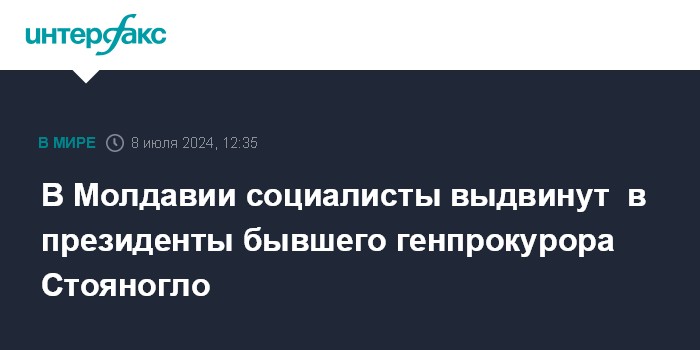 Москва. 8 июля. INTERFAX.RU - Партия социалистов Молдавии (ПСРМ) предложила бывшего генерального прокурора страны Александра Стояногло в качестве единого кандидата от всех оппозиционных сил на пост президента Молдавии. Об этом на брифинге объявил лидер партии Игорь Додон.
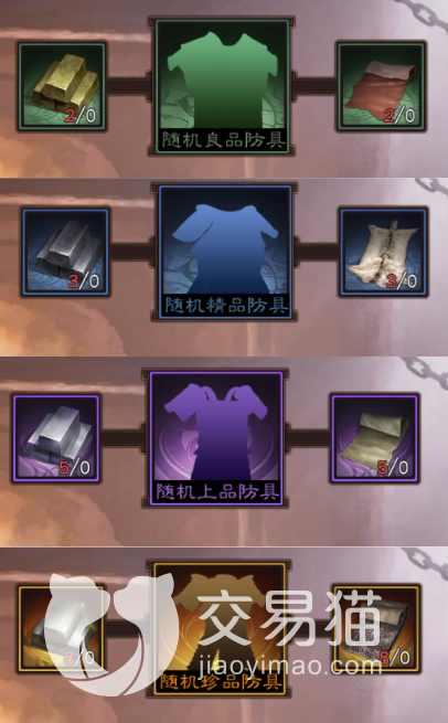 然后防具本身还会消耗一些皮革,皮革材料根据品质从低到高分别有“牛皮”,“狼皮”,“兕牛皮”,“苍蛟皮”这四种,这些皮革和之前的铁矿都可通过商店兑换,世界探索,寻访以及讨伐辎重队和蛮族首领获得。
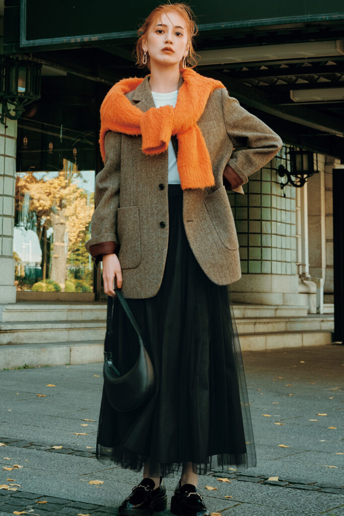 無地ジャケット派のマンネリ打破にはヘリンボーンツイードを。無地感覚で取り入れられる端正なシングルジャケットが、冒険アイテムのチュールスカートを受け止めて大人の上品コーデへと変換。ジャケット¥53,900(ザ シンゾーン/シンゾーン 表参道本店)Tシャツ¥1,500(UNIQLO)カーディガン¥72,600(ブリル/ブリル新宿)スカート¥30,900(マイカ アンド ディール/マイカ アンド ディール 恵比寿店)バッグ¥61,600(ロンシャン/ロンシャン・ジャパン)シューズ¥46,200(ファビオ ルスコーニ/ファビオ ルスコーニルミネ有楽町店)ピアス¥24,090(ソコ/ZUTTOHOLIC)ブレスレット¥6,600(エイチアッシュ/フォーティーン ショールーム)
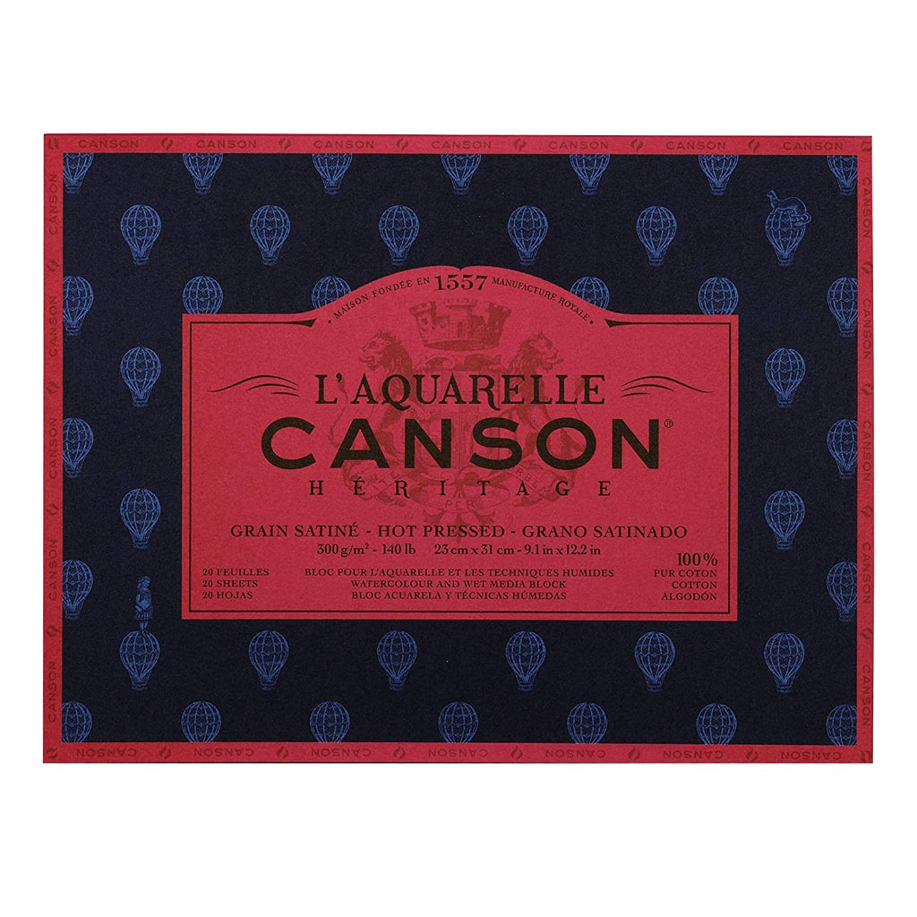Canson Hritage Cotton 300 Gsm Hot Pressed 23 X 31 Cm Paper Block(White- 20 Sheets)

+ + + + +

• ASSIGNED TASK
Reproduce the listing exactly. Do not include its images.

• WRITTEN RESPONSE
 Москва. 8 июля. INTERFAX.RU - Партия социалистов Молдавии (ПСРМ) предложила бывшего генерального прокурора страны Александра Стояногло в качестве единого кандидата от всех оппозиционных сил на пост президента Молдавии. Об этом на брифинге объявил лидер партии Игорь Додон.
 然后防具本身还会消耗一些皮革,皮革材料根据品质从低到高分别有“牛皮”,“狼皮”,“兕牛皮”,“苍蛟皮”这四种,这些皮革和之前的铁矿都可通过商店兑换,世界探索,寻访以及讨伐辎重队和蛮族首领获得。
 無地ジャケット派のマンネリ打破にはヘリンボーンツイードを。無地感覚で取り入れられる端正なシングルジャケットが、冒険アイテムのチュールスカートを受け止めて大人の上品コーデへと変換。ジャケット¥53,900(ザ シンゾーン/シンゾーン 表参道本店)Tシャツ¥1,500(UNIQLO)カーディガン¥72,600(ブリル/ブリル新宿)スカート¥30,900(マイカ アンド ディール/マイカ アンド ディール 恵比寿店)バッグ¥61,600(ロンシャン/ロンシャン・ジャパン)シューズ¥46,200(ファビオ ルスコーニ/ファビオ ルスコーニルミネ有楽町店)ピアス¥24,090(ソコ/ZUTTOHOLIC)ブレスレット¥6,600(エイチアッシュ/フォーティーン ショールーム)
Canson Hritage Cotton 300 Gsm Hot Pressed 23 X 31 Cm Paper Block(White- 20 Sheets)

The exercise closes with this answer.